Limited dispersal in plants can generate clusters of closely related individuals, which manifests as fine-scale spatial genetic structure (SGS). SGS develops at landscape levels over ecological timescales (a few generations) and may be represented as a regression of kinship over the logarithm of distance (kinship–distance curve). Development of SGS is the first stage in Wright's (1943) model of isolation by distance (IBD) for continuous populations. The recently developed Sp statistic, which quantifies the strength of SGS, can be used to compare SGS among populations and species (Vekemans & Hardy 2004). Recent meta-analyses have shown that species with self-compatibility, low population densities or poorly dispersed seeds tend to exhibit strong SGS (Vekemans, Hardy 2004; Hardy et al. 2006). Born et al. (2008) are among the first researchers to examine intraspecific landscape patterns of SGS variation. Their primary objective was to examine the effect of landscape history on SGS and gene dispersal in the African rainforest tree Aucoumea klaineana Pierre (Burseraceae).
Aucoumea klaineana is a member of a tropical tree family known for its fragrant resins, which include frankincense, myrrh and copal, and it is the most economically important timber species in Gabon. Aucoumea klaineana is a predominantly bee-pollinated, wind-dispersed species that colonizes savannah and, in the absence of fire, persists as a long-lived member of established rain forest (Figs 1 and 2). The authors sampled A. klaineana along > 10-km transects through six continuous forests in Gabon, including one site (Mounana) that had experienced intensive slash and burn agriculture ending about 15 years ago. The sampled trees (approximately 100 per site) were genotyped at 10 microsatellite loci.
Kinship–distance curves are appropriate to characterize SGS resulting from an isolation-by-distance process, but SGS patterns can also arise from genetic discontinuities, hybridization, or spatial clines in allele frequencies. An original aspect of the paper is that Bayesian clustering methods are first applied to detect discrete population substructure, which helps in correctly interpreting kinship–distance curves.
The cluster analyses showed that one transect (Boumango) spanned two distinct gene pools, which may have been formed in forest refuges. In her dissertation research, Born (2007) showed that gene pools with high genetic diversity were centred on moist upper elevation sites, while dryer lowland populations of A. klaineana harboured less genetic variation except in zones of admixture. The moist upper elevation sites were likely to have been forested during the last glacial maximum and through dry phases of the mid-Holocene. While genetic admixture produced a distinct SGS pattern in Boumango, the extent of SGS (Sp statistic) did not differ from other sites.
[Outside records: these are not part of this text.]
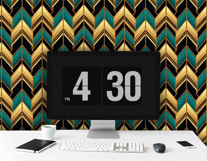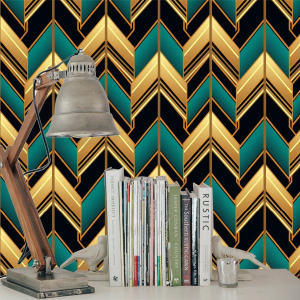 Orange Black and Turquoise Art Deco Removable Wallpaper
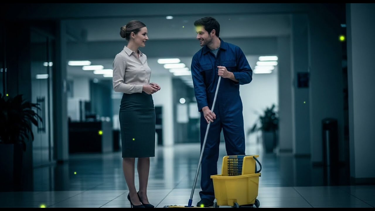 Camera opens in a shiny corporate office hallway. A janitor kneels, mopping the floor, when a woman in heels stops right in front of him. Her words silence the entire office. I don’t have a husband. Can I have a date with you? The janitor freezes. The CEO of the company, known for her icy demeanor and ruthless decisions, just said that to him.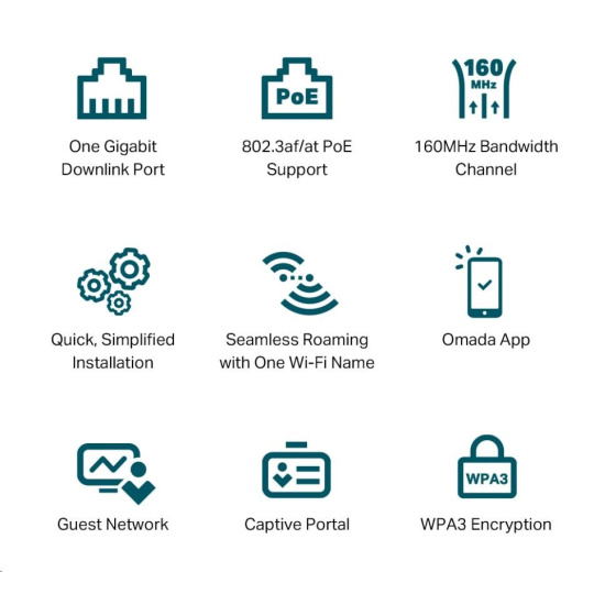 | Bezdrôtová bezpečnosť | • Captive Portal Authentication • Access Control • Filtrovanie MAC adries bezdrôtovo • Izolácia klientov • VLAN • Detekcia Rogue AP • Podpora 802.1X • WPA-Personal/Enterprise, WPA2-Personal/Enterprise, WPA3-Personal/Enterprise |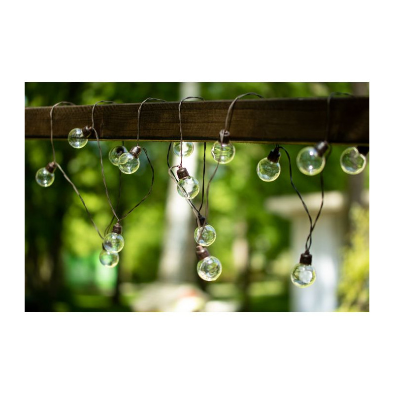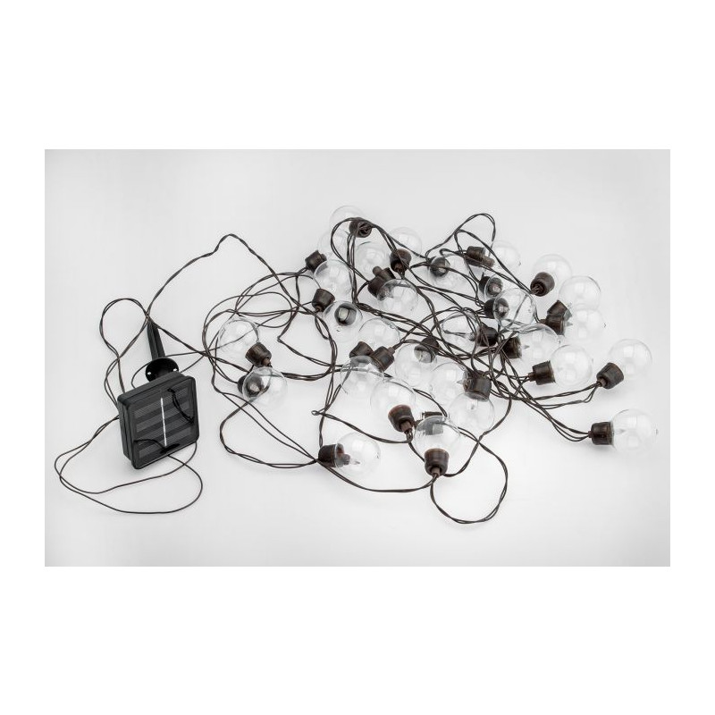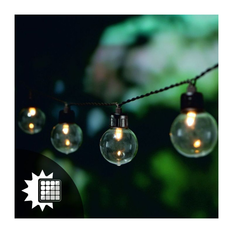 Solární svítidlo GIRLANDA GLADI 20LED s celkovou délkou 7,5m, s krytím IP44 vhodné do exteriérů, barva světla teplá bílá, doba svícení při plném nabití 8h.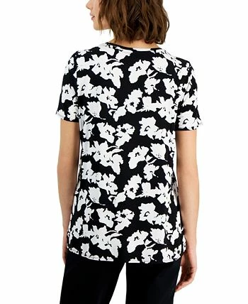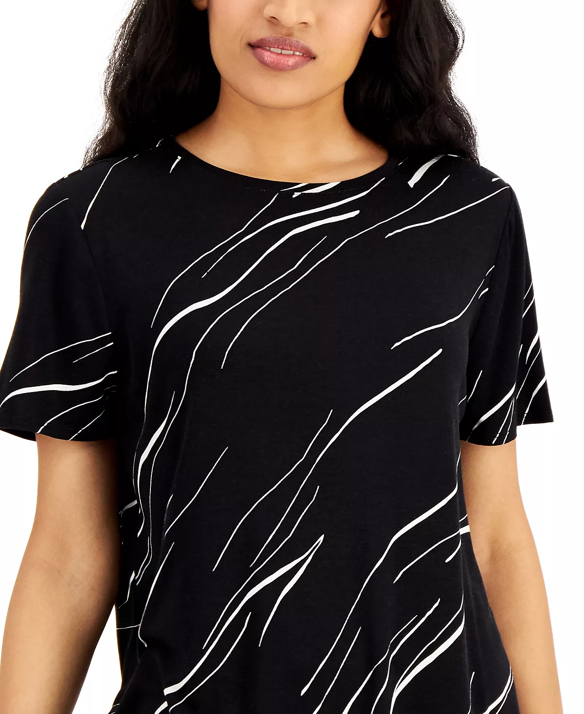 Upgrade your T-shirt look to this Alfani top, a fun printed piece finished with a step hem.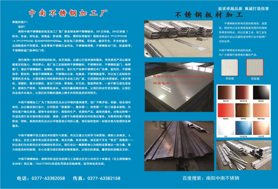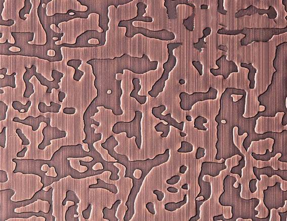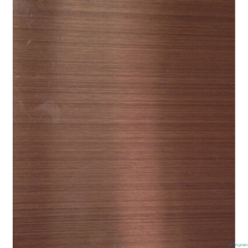 不銹鋼仿古銅板:不銹鋼仿古銅板 ,有紅銅,青銅,仿紅古銅,仿青古銅,亮光紅古銅,亮光青古銅,啞光紅古銅,壓光青古銅等,通過化學(xué)(或電化學(xué))處理,在不銹鋼表面形成一層高抗蝕性氧化膜,給不銹鋼著上古銅色彩,不僅使其保持了不銹鋼原有的各種優(yōu)越性,而且使其耐蝕性能、耐老化性能、耐紫外線照射性能和外觀裝飾效果優(yōu)于普通不銹鋼。不銹鋼仿古銅板具有耐熱性:在沸水中浸漬28天,在200℃以下暴露五個星期,在250℃以下長期暴露,加熱到400℃,膜層色澤均無明顯變化;耐磨性和抗刻劃性能:能隨在500g/cm2的壓強(qiáng)下,橡皮摩擦2000次以上不變色,用300g的鋼針刻劃不劃穿;加工性能:能承受常規(guī)的模壓加工、深拉延、彎曲加工以及加工硬化,進(jìn)行180℃彎曲試驗和8mm的杯突試驗后,氧化膜均完好!

The authors found no significant differences in the intensity of SGS across sites. Since SGS is largely the product of effective population density (De) and mean gene dispersal distances (σg), the authors suggest that a similar SGS in the low-density populations may result from enhanced gene dispersal. This is an intriguing idea. Long-distance pollen dispersal has been reported among scattered trees in tropical forest and pasture landscapes (Dick et al. 2008). By reducing aerial obstruction, deforestation can also enhance seed dispersal of wind-dispersed tree species (Bacles et al. 2006).
The SGS-based estimates of mean gene dispersal for A. klaineana ranged from 210 to 570 m, depending on the estimate of De used. These are higher than direct estimates of gene flow for this species (~88 m) and they are higher than direct measures of seed dispersal in other wind-dispersed tropical forest trees (e.g. Jones et al. 2005), but they fall within the range of pollen dispersal distances for other predominantly bee-pollinated tree species (Dick et al. 2008).
The SGS method offers several advantages for estimating gene dispersal in forest trees. For example, the method does not require seed collections or genotypes of potential pollen donors. Further research is needed to examine the precision of SGS-based gene dispersal estimates, however. Comparing direct estimates of seed and pollen dispersal to the SGS estimates can do this. Such comparisons will also permit testing of new methods used to disentangle the relative contributions of pollen and seed dispersal to SGS (Heuertz et al. 2003). The decoupling of seed and pollen-mediated gene dispersal is possible for A. klaineana because, like many tropical tree species, it is dioecious and hence the male and female parents can be discerned.
Born and colleagues use SGS analyses to their fullest potential at multiple spatial scales. Further refinement and application of these methods will help to unravel the interplay of ecology and historical contingency in other species and biomes.